Jak się ktoś objawi to polecę i kupię :)
A wczoraj było bardzo ładnie. Co prawda bez ćwiczeń bo wróciłam z seminarium do domu o 22 i padłam, ale dietowo super.
Dziś będzie i ruch i dieta.
Muszę wyglądać jak człowiek na Sylwestra, bo idziemy z misiem na bal. Szukam sobie jakiejś sukienki na tą okazję, niby coś tam w szafie jest więc w razie czego nago nie pojdę :) ale może coś wpadnie w oko. No i może wreszcie zrobię zdjęcia i coś tu powklejam, bo mam same nieaktualne,a jakoś wątek lekko czarno biały...
Czarno biały?!Cytat:
Zamieszczone przez puellcia
Taka przenośnia. U innych jakieś zdjątka są jeśli nie własne to zwierząt. Mojej niuni też pstryknę i wrzucę.

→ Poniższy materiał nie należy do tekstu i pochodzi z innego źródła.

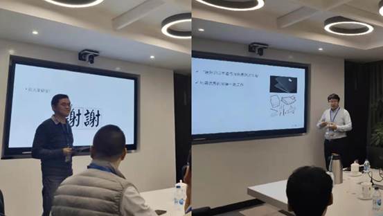 接着,来自pg娱乐电子游戏官网入口不同专业和方向的博士后进行了科研交流和探讨。陈科、李凯文、隋济泽、刘聚哲、昱万程、邓乐庆、周小朋、杨杰、郝锐等就位博后分别作了题为《仿生轻质高强微纳米复合材料研究》、《CT图像重建和材料分解》、《高分子/胶体软物质系统动力学》、《3d金属非晶体纳米材料的制备研究》、《机器学习在高分子物理中的应用》、《钾离子电池电极材料研究》、《暗物质探测器PandaX-4》、《碱金属二次电池电极材料研究》、《基于生物质碳纳米材料构筑能源储存器件》的学术报告。

A jeśli nie zdjęcia to wykresy:) Tylko, że u mnie co to za wykres-linia prosta :)
Melduję, że wczorajszy plan zrealizowany:)
Brawo za wczoraj. Najtrudniej jest się chyba wyrwać z passy wieczornego podżerania, czy przynajmniej ciągłego myślenia o tymże.
A jak Ci idzie polowanie na kieckę? Ja powinnam, ale oczywiście dziś znów nie chce mi się jechać. Gdzie oglądałaś coś ciekawego?
No i czekam na fotki 8) .
Wykresy są fajne, mogą być od razu bardzo kolorowe ;)
Prosta to też dobra byle pod kątem ;)Cytat:
Zamieszczone przez puellcia
Ekhm ok powinnam napisać-pozioma :) Alek już mnie złapał z język no.
Selva planuję zakupy w sobotę-tropem dawnego stadionu-czyli tam gdzie sie poprzenosili-nie wiem za bardzo gdzie jedziemy bo to pomysł mojej mother:) w życiu nie kupowałam sukienki na bazarze, ale co mi szkodzi. Wątpię, żebym coś znalazła, ale w tzw butikach czy centrach handlowych jakoś nic mi się nie podobało.Ostatnio ktoś mi powiedział, że w Factory, w Ursusie są fajne rzeczy no i pojechałam. Nie ma nic. Znaczy nic co mi się podoba.
Zależy czego szukasz Selva. Ja mam ten problem, że lubie proste uniwersalne rzeczy. Zadnych falbanek i piórek bo tego nie lubię. No i szukam czegoś z podkreślona talią, waską układającą się na biodrach-w czymś takim wyglądam fajnie.
Ogólnie to suknice-kilka dyżurnych, które lubię, mam ze Stanów albo szyte. Tak jakoś wyszło. No ale w tym roku szycie już nie wchodzi w grę. Za mało czasu.
A dziś bardzo ładnie-biegowo i dietowo. Jutro rano próbuję się zwlec rano. Zobaczymy co z tego wyjdzie.